Making Time to Think: Coffee Hours, Runs With Labs, & Disconnecting

Even as technology helps our lives—connecting us more closely to people across the globe, automating tasks to make life easier—we, as a society, still feel more harried than ever.

We at Xconomy reached out to a select group of sources and advisors across our network (the Xconomists) to ask them a series of questions around New Year’s. Here, we tackle: How do you make time to think?

Clay Johnston, dean of the Dell Medical School at the University of Texas at Austin: My morning jog, with my lab-mix Nigel, is critical to setting my emotional and intellectual pace for the day. Lots happens on that run, beyond interest in an occasional cat or squirrel.
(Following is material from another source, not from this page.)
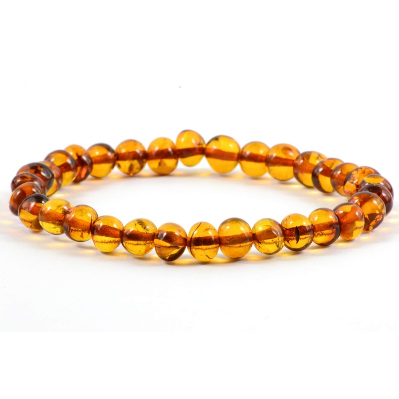 Baltic Amber Bracelet for Adults Made on Elastic Band- Natural Amber from Baltic Region, Genuine Baltic Amber (Cognac, 7.5 inch)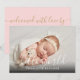 Hello World script baby girl pink photo birth announcement featuring elegant script messages. These sweet birth announcement cards are a perfect way to let everyone know your exciting news. Customise the front with your baby photo and name. The reverse features a beautiful script message along with your personal thank you message and birth stats. Designed by Thisisnotme©

Hesam Panahi, founder of RedLabs, University of Houston: Every morning, I go to a coffee shop for an hour or more; it has become a ritual. There’s no set objective, and I can use that time to think or do whatever else seems appropriate at the time: answer e-mails, read a book, or reflect on what needs to be done next.

Kirk Coburn, founder of Surge Ventures: Long runs and swims. There is nothing more serene and peaceful than swimming laps. This quiet time allows me to process and digest what is behind and in front of me.

Trey Bowles, founder of the Dallas Entrepreneur Center: Typically the best time for me to think is on an airplane or early in the morning. It is the only time when I don’t have incoming e-mails, texts, phone calls, and interruptions. If I don’t have the luxury of being on a plane or locked in a secret closet, I usually turn off my Internet or e-mail and spend time in a space outside of my office. It allows me to think, reflect, and think through some of our plans for the future.